Unlike Lennon who wrote first-person narratives, McCartney took the more challenging approach and chose to deal with his personal trials and tribulations by creating songs that were no less honest than Lennon’s, but far more universal. This is a technique McCartney has used since the Beatles, and continues to use. Recently, however, he has begun speaking rather frankly, and this song is one of the finest examples of his frankness. repeatedly it has brought tears to my eyes.

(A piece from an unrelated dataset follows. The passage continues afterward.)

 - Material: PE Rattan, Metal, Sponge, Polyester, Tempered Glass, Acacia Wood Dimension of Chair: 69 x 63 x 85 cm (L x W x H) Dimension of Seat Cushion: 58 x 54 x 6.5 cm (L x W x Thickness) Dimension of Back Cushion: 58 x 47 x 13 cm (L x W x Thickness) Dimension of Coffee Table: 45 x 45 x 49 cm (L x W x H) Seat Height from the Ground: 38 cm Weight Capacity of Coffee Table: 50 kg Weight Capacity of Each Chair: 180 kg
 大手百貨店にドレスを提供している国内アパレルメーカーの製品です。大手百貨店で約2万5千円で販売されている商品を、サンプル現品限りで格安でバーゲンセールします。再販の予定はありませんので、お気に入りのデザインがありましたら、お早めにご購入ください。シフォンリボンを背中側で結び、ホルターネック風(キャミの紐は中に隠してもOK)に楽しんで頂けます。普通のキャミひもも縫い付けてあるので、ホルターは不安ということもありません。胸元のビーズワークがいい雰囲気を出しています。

Here are the first few verses:

“Early Days”

[Chorus:]
They can’t take it from me, if they tried.
I lived through those early days,
So many times I had to change the pain to laughter,
Just to keep from getting crazed.

Dressed in black from head to toe,
Two guitars across our backs,
We would walk the city roads,
Seeking someone who would listen to the music,
That we were writing down at home.

[Chorus:]
They can’t take it from me, if they tried,
I lived through those early days,
So many times I had to change the pain to laughter,
Just to keep from getting crazed.

Hair slicked back with vaseline,
Like the pictures on the wall of the local record shop,
Hearing noises we where destined to remember,
We willed the thrill to never stop.

Now, of course there is more. So far McCartney has simply set the stage and made his thesis clear. “We willed the thrill to never stop” may be one of the most profound lyrics in the song, as that is of course, the challenge in life. Keeping the thrill alive is an immense challenge to those of us who want to maintain our energy… and Sir Paul has certainly proven through this high energy album that the thrill has never stopped for him, even if it has stopped for most of his fans and colleagues.

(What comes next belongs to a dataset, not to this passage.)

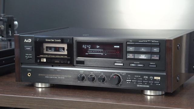A&D GX-Z9100 3HEAD CASSETTE DECK ¥108,000 A&Dが1988年に発売したカセットデッキ。A&Dは,1987年に赤井電機と三菱電機が提携して発足させた 新ブランドでした。A&DになってGX-Z9000,7000,というワンウェイ3ヘッドのカセットデッキを発売しました が,これはAKAIブランドで発売されていたGX-93,73とほぼ同一で,細かなブラッシュアップを行い型番を変 えたものでした。そして翌年1988年の10月にA&Dブランドとして,AKAI時代のGX-9,GX-93以来の設計 を受け継ぎつつ本格的に新開発され たのがGX-Z9100,GX-Z7100のシリーズでした。そしてシリーズの最 上級機がこのGX-Z9100でした。 GX-Z9100の最大の特徴は,「セパレートブロック・コンストラクション」と称するデッキ全体のコンストラクション にありました。メカニズムや電機系が複雑に絡み合うデッキのコンストラクションをいったん解体し,各パートのク オリティを高めた上で,デッキの各ブロックを分離独立させたものでした。メカニズム,電源,マイコンを搭載した コントロール基板,バイアス基板,ディスプレイ基板の振動・ノイズ発生源をきめ細かくインナーシャーシで分離す るとともに,微少信号を扱うアンプ部をこれらから完全にセパレートさせ,ヘッドからの信号伝送への干渉を防ぎ 微少レベルの情報や音場の再現性を高めたものでした。さらに,インナーシールドシャーシ,サイドシャーシ,底 板には銅メッキ鋼板を使用し,磁気歪み防止効果を高め,デッキ部とアンプ部を独立させたセパレートデッキに 匹敵する効果を得ていたというものでした。 GX-Z9100では,さらに電源部を徹底して独立化させることで電源廻りでの相互干渉を防ぎ音質の向上を図っ ていました。電源トランスの巻線をアンプ,システム・コントロール,表示系の各ブロックごとに独立させ,安定化 電源も,イコライザー回路,Lチャンネル・ドルビー回路,Rチャンネル・ドルビー回路,ヘッドホンアンプの各ブロッ クごとに独立の無帰還型電源を搭載していました。さらに,イコライザー回路の録音側と再生側独立も図り,合計 5つの安定化電源を搭載するという徹底した独立電源になっていました。電源トランスは,磁束漏れが少なく,レ ギュレーションに優れたサーキュラートンラスを搭載し,+側と-側も独立巻線として,電源まわりでの相互干渉 を徹底して抑えていました。電源コードは極性表示付のOFC電源コードが使用されていました。 テープ走行系は,歴代のAKAIのデッキに搭載されてきたクローズドループ・ダブルキャプスタン・DD方式を採用 し,安定したテープ走行を実現していました。GX-Z9100では,さらにキャプスタンのDDモーターをクォーツロッ ク制御し,走行性能をより高めていました。さらに,安定したテープ走行を長期にわたって維持できるように,表面 平滑性,硬度,制振性に優れたセラミック・コンポジット材のテープガイドを採用していました。 GX-Z9100では,上記のセパレート構造に加え,筐体のトータルな制振化・高剛性化を行っていました。高剛性 なサイドウッドパネルの装着,制振性に優れたセラミックコンポジット材を採用した大型のインシュレーターが新た に採用されていました。さらに,音質を劣化させるというカセットハーフの振動を抑えるため,2.5mm厚のアルミ 板と2.0mm厚の鋼板,そして高い振動吸収特性を持つ新素材「ソルボセイン」を組み合わせたカセット・スタビラ イザーを装着し,カセットハーフを広い面積で抑え,有害振動を吸収して,音のクリアネスを高めていました。 ヘッドはAKAI以来伝統のスーパーGXヘッドを搭載していました。さらに,GX-Z9100では,ヘッドの巻線に伝送 歪みの少ないLC-OFCを採用していました。 GX-Z9100では,録音/再生アンプに単体プリアンプ並のクオリティを誇る完全ディスクリート構成完全直結アンプ を搭載していました。特にデッキの音質を決定づけるといわれるイコライザー回路には,AKAI以来のA&D独自の 無帰還型オープンループサーキットを採用し,カセットデッキで初めてオーバーオールのNFBを取り去っていました。 バイアス回路は,バイアス発振周波数を210kHzと従来の2倍以上に引き上げたハイフレケンシー・バイアス回路を 搭載し,バイアス信号と音楽信号の干渉によるビート発生を抑えていました。 機能的には,内蔵CALを利用して調整ができるバイアス及び録音レベルのマニュアルキャリブレーション機構が搭 載されていました。ノイズリダクションとしてドルビーB/Cが搭載され,高域特性を改善するドルビーHXプロシステ ムも採用されていました。メカニズムは,AKAI・GX-F91以来の設計が受け継がれ,サイレントメカニズム,カセット ドアがモーターで開くダイレクトリードイン&パワーイジェクト,モニター切換が自動化されたオートモニター,オートテ ープセレクターなど使いやすく洗練された操作系になっていました。カウンターはリアルタイムカウンターで,レベル メーターを含むディスプレイは音質への影響を考え,ディスプレイオフスイッチが設けられていました。 そのほか,A・Bリピート機能,IPSS(最

Then comes the next verse, and a blessing that has made me cry each time I have heard this song. The blessing is not merely moving, but revealing… McCartney is wishing upon the world the true blessings of his spiritual wealth. More specifically, this song is touching as he is talking to “US,” other musicians and artists, by so beautifully wishing us that our inspiration may last.

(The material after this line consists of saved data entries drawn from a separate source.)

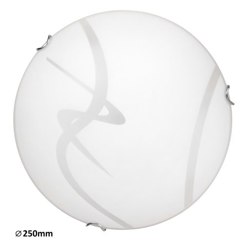 Időtlen megjelenésű mennyezeti lámpa beépített energiatakarékos LED fényforrással. Fém, üveg és műanyag kombinációjú szerkezet 25 cm átmérőjű, fehér alapszínű, mintás lámpabúrával és króm színű rögzítőkörmökkel. A beépített LED fényforrás A+ energiaosztály besorolású és 12W teljesítmény mellett 960 lumenes fényerőt, továbbá 3000 Kelvines, melegfehér színű fényt ad. 5 év garanciával. A lámpatestben a fényforrás nem cserélhető.
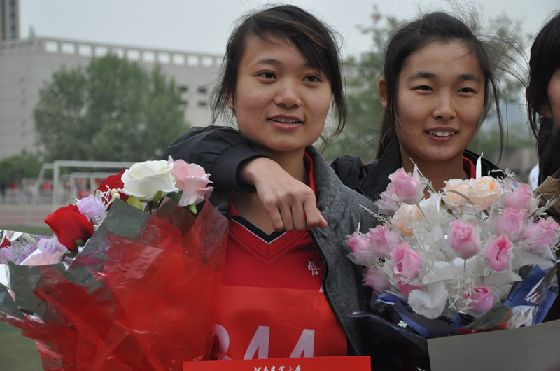 包揽女子400米栏冠、亚军(从左至右:龚璞、崔爽爽)
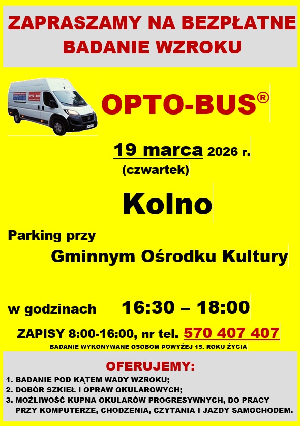 Bezpłatne badanie wzroku w Gminie Kolno! - 19.03.2026r.
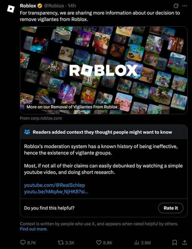 But the backlash has been fierce, with Roblox even receiving a community note on their X post stating they have a “known history of being ineffective” at keeping their game safe from child predators.
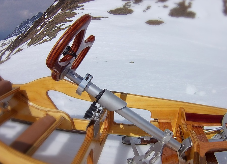 Wer würde schon gern seinen Wagen im Stadtverkehr mit den Fersen oder durch Gewichtsverlagerung lenken? Deshalb hat der Svensonschlitten ein Lenkrad, mit dem das Lenkverhalten, das dem eines Autos sehr ähnlich ist!
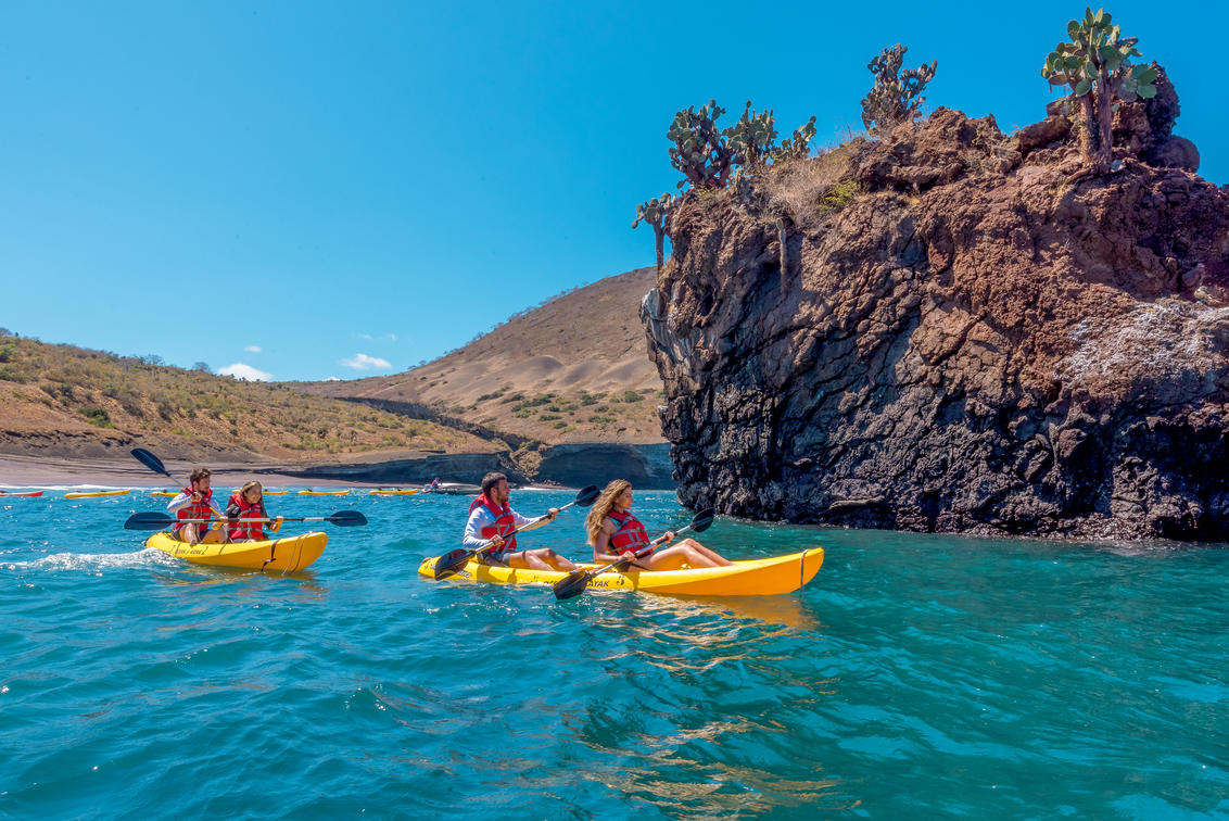 Our kayaking program takes place in Divine Bay, a beautiful location with protected waters that make for a pleasant trip. We leave when the tide is high from Playa de Los Alemanes (German Beach), located by Finch Bay – one of the advantages of staying at the only beach-front hotel in Santa Cruz! Paddling around the waters of the Marine Reserve is a great way to get some exercise and spot unique endemic wildlife. Birds rest on the cliffs that form the edges of the islands. Sea lions and their pups lie meters away on the beaches.
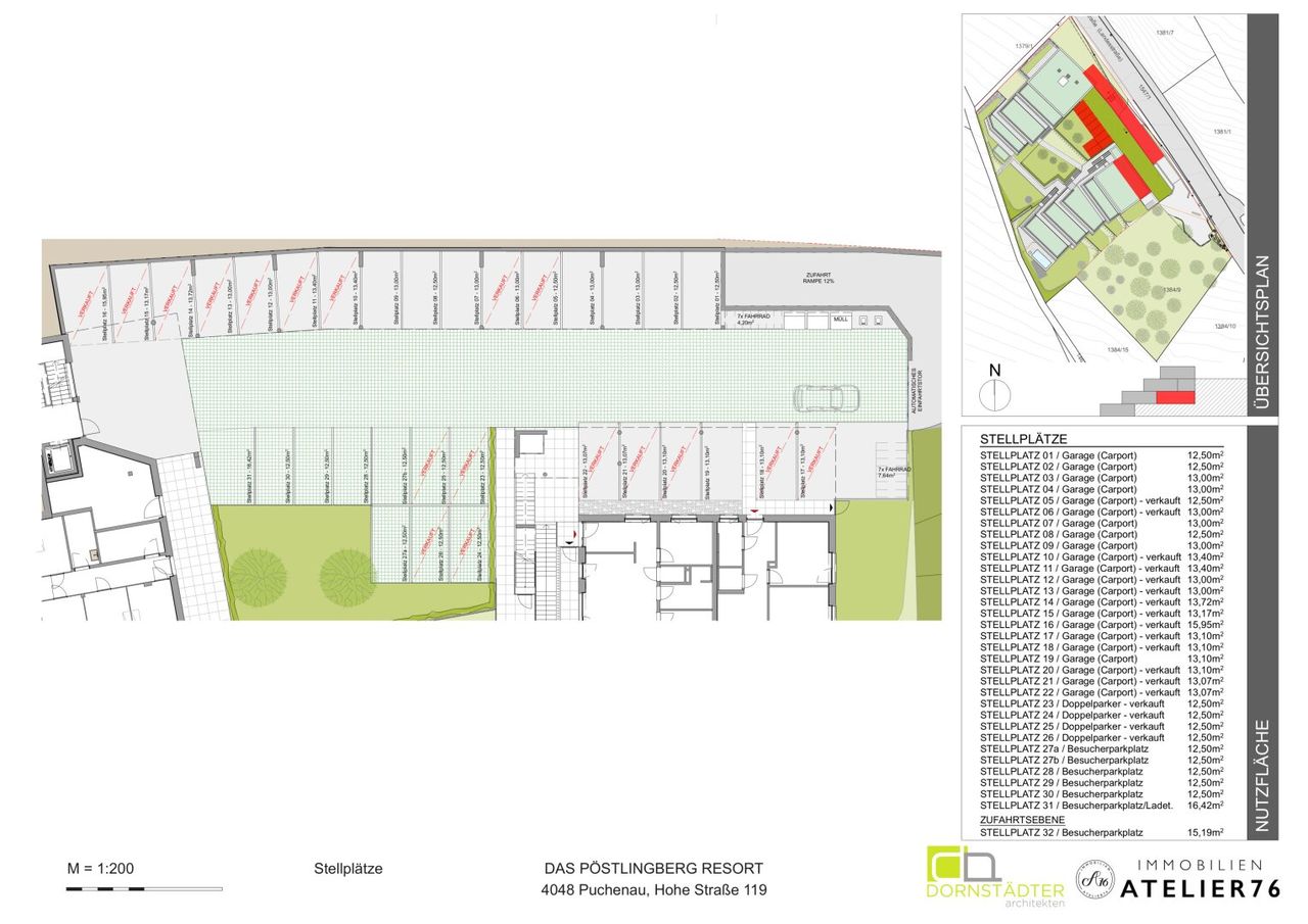 - Je Wohnung sind 2 Garagenplätze (Garagen/Carports) vorgesehen

May sweet memories of friends from the past,
Always comes to you, when you look for them,
And your inspiration, long may it last,
May it come to you, time and time again.

But that is not all… he follows that with a statement so achingly personal that the tears kept coming from me, and a statement that lays to rest all the silly contortions Lennon Cultists go through to maintain the absurd purity of their myopic view.

Now everybody seems to have there own opinion,
Who did this and who did that,
But as for me I don’t see how they can remember,
When they weren’t where it was at.

Case closed, I would like to add. How could all these writers and fans really know? Of course they don’t, didn’t, and won’t.

[Chorus:]
They can’t take it from me, if they tried,
I lived through those early days,
So many times I had to change the pain to laughter,
Just to keep from getting crazed.

I lived through those early days
I lived through those early days

Hearing an artist with the staggering dignity and magnificence of McCartney address this persistent source of pain with such openness is truly a gift we all should cherish. Songs from “New” are not to be judged, criticized, or picked apart by fans (or worse… sludge and grudge critics), they are not to be dismissed or shrugged off, no, these songs are to be approached with respect and gratitude, and the knowledge that if you don’t get it… it may well be because McCartney is firing these songs (just as he always has) way over your heads. This album is to be listened to on McCartney’s terms, not on yours, ours, or the terms dictated by critics. At 71, he still matters, is nowhere near through, and remains as relevant as ever… if only you have the ears and minds to hear it for what it is… wisdom from on high.